THE DATA —
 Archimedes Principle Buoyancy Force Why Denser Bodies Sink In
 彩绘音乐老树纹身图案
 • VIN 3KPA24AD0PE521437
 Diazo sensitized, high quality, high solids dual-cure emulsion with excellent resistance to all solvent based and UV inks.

==

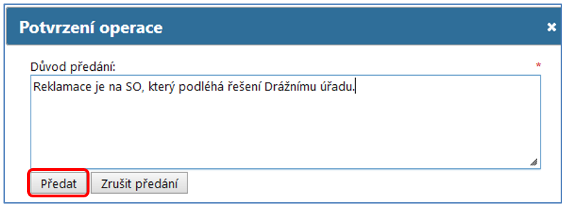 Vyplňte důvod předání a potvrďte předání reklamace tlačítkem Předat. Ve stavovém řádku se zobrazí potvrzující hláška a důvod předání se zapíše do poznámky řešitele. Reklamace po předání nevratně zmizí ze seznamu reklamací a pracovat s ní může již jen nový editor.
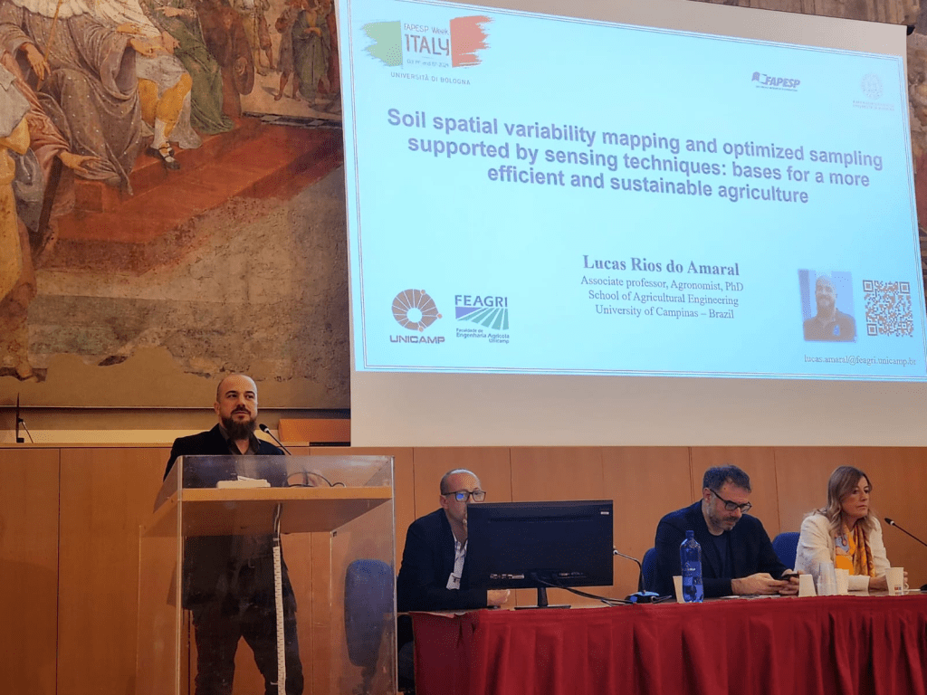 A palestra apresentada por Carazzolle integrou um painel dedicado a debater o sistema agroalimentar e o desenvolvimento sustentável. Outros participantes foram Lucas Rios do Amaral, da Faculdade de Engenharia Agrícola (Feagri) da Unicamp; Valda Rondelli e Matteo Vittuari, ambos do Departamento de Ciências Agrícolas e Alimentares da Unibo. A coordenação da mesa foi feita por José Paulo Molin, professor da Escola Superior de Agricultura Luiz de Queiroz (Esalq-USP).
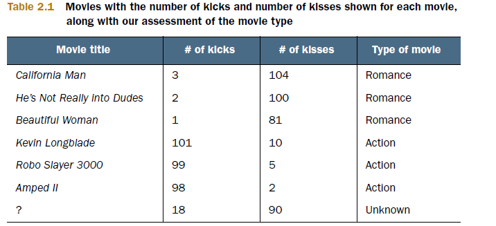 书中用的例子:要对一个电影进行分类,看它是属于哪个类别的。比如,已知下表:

WHAT IS BEING ASKED —
Could you set down, word for word, only the lines above from the line with "Archimedes Principle Buoyancy" to the line with "Diazo sensitized, high", including both?

RESPONSE TO THIS EXERCISE —
 Archimedes Principle Buoyancy Force Why Denser Bodies Sink In
 彩绘音乐老树纹身图案
 • VIN 3KPA24AD0PE521437
 Diazo sensitized, high quality, high solids dual-cure emulsion with excellent resistance to all solvent based and UV inks.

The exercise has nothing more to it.